The Legislative PEER Committee is releasing its report titled FY 2018 Annual Report: Analysis of Funding for Mississippi Charter Schools and the Charter School Authorizer Board.

Some of the Committee’s major findings include:

  • The Mississippi Department of Education (MDE) distributed the same amount of per pupil Mississippi Adequate Education Program (MAEP) funding to Midtown Public, Reimagine Prep, Smilow Prep, and Jackson Public Schools in FY 2018—e.g., $4,038 per pupil (before add-on program costs).
  • The Charter Schools Act requires that MAEP payments to the charter schools be reconciled each year to reflect average daily attendance rather than projected enrollment.  However, state law does not require the reconciliation of local ad valorem support to charter schools to average daily attendance.
  • The local ad valorem per pupil calculation required by state law provides unequal shares between charter schools and the Jackson Public School district—e.g., $2,782 per student living within the boundaries of Jackson Public Schools who attended Midtown Public, Reimagine Prep, or Smilow Prep and $2,684 per student enrolled in Jackson Public Schools, a difference of $98 per pupil.

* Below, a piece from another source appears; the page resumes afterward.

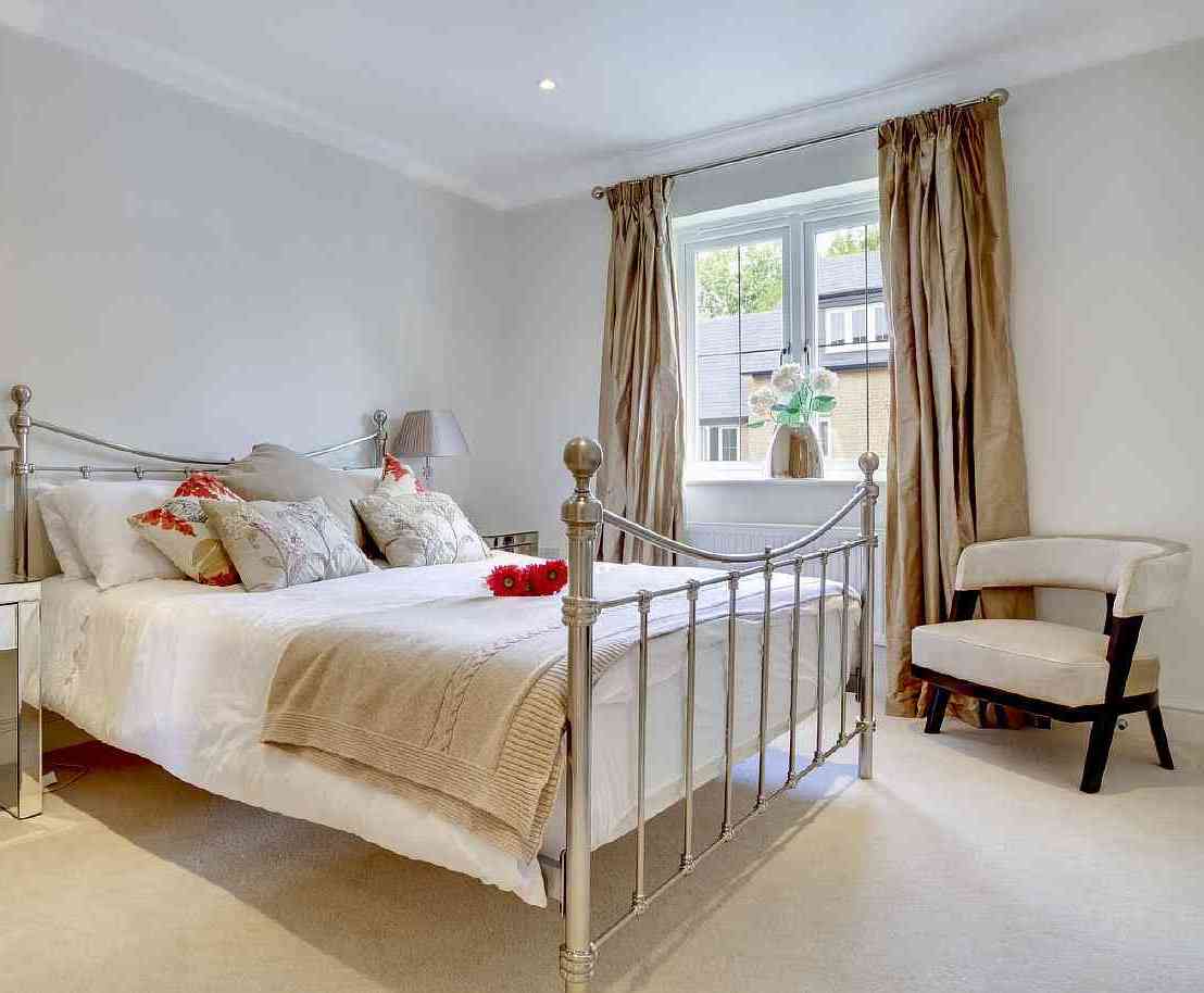 Добавьте медовые и пшеничные тона в оформление стен, наполните комнату золотистыми предметами интерьера.

  • The state funding formula for the Mississippi Charter School Authorizer Board (MCSAB), which assesses a 3% fee on all per pupil allocations received by the charter schools, did not provide sufficient funds to cover the board’s FY 2018 operating expenses.
  • The MCSAB contracts with the National Association of Charter School Authorizers (NACSA) to provide independent recommendations of approval or denial of each charter school application.  For the 2018 application cycle, MCSAB approved Revive Prep and RePublic High School, although they were not recommended for approval by NACSA. 
  • Contrary to MISS. CODE ANN. Section 37-28-31, MCSAB has not provided the Legislature with an annual report regarding the board’s evaluation of Mississippi’s charter schools’ performance since December 2016.  The board plans to provide its 2017 annual report to the Legislature in 2019.  According to MDE’s accountability grades, the charter schools have not made significant academic progress.